I would be lying if I tell you that I'm not dreaming for my prince charming. After all, it's almost the fundamental reason that I'm gay. Good looking, tanned and muscular body, caring, nice house, nice car, and the list goes on...
More Thoughts for the Sleepless Night
While knowing it is impossible to have such person in my life, it is, still, a dream.
But the most contradicting part is that, how is it possible for me to even have a chance to love and be loved when I do not come out?
The main reason for me not coming out is my mother. I just don't want to disappoint her. I can't imagine how heartbroken she can get if she knows I'm gay.
So the problem is, is there a bulletproof way to pursue my dream of prince charming without letting my mother know in any way? I don't think so.
To pursue my prince charming dream, I will have to come out in person, and get into the real life gay community. The world is not that big when you think it is. Coincidence happens. I can't neglect the possibility of my friends get to know that I'm gay from someone, and eventually my family gets to know that I'm gay from my friends or my friends' friends or my friends' family etc.
I know my way of thinking is utterly stupid and I can't wish for anything if I'm holding up on this. But my mind is really not capable enough to come out with a better way of reasoning.

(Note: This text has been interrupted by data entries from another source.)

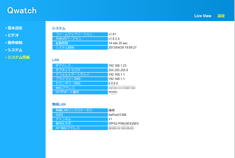 次に、Qwatchの設定画面でシステム情報を確認して問題無いことを確認しました。
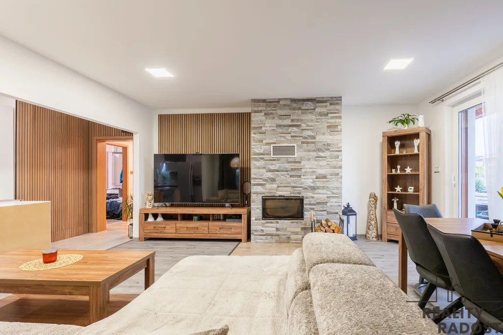 Prostorný a světlý obývací pokoj s přímým vstupem na terasu a do zahrady, ideální pro rodinné setkávání a relaxaci.
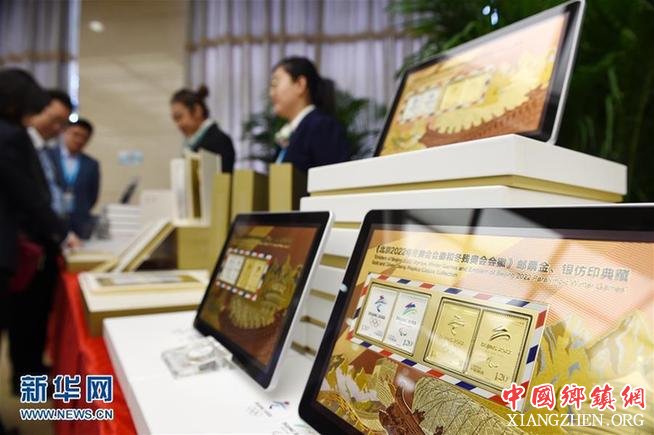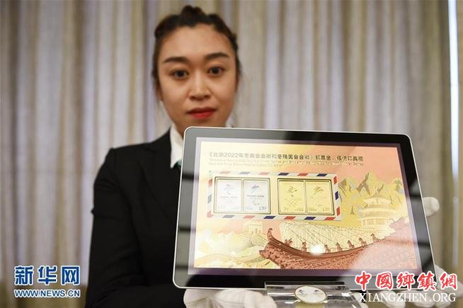 这是见面会现场展示的《北京2022年冬奥会会徽和冬残奥会会徽》邮票纯金、银仿印特许产品(3月21日摄)。新华社记者鞠焕宗摄
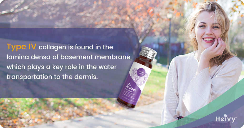 Type IV collagen is found in the lamina densa of basement membrane, which plays a key role in the water transportation to the dermis. The basement membrane is a layer at the bottom of the epidermis, where the epithelial cells sit. It is a strengthful membrane between the epidermis and the dermis. The 50-90-nanometer-thick membrane carries over nutrients, discharges wastes, and communicates among cells. It also maintains the basic structures of the epidermis as well as the dermis in order to maintain the functionality of skin: to "breathe" for oxygen and to protect our body from external damages like abrasions or sunburn.
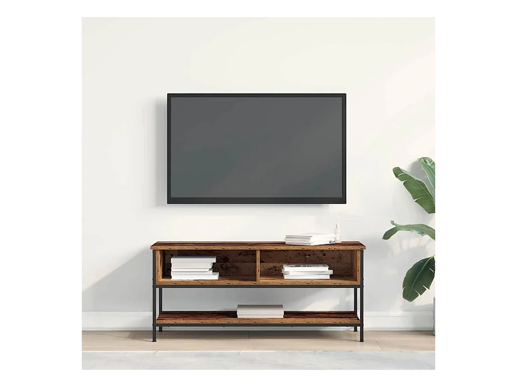 Meuble TV Bois Vieilli 100x35x45 cm Bois Aggloméré et Acier
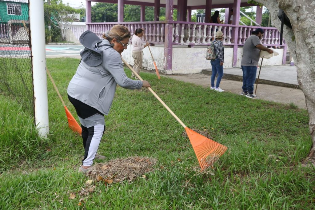 Este sábado, personal del Ayuntamiento de Nanchital, encabezado por la Alcaldesa Esmeralda Mora Zamudio continuó con los trabajos de la Brigada Transformando tu Colonia en el Campo de la CELACARI.

Another thing is the almost non-existent possibility of meeting the prince charming, esp. when it is more likely for me to meet gay people who want to have no-strings attached-relationships. Even if I can get into a proper relationship, it is less likely for it to last long in gay community.
That's roughly what I think on myself being gay. I could be wrong with my perception and way of reasoning. If you are reading this, please leave some advice or comments. Your views can be useful for me. Thanks.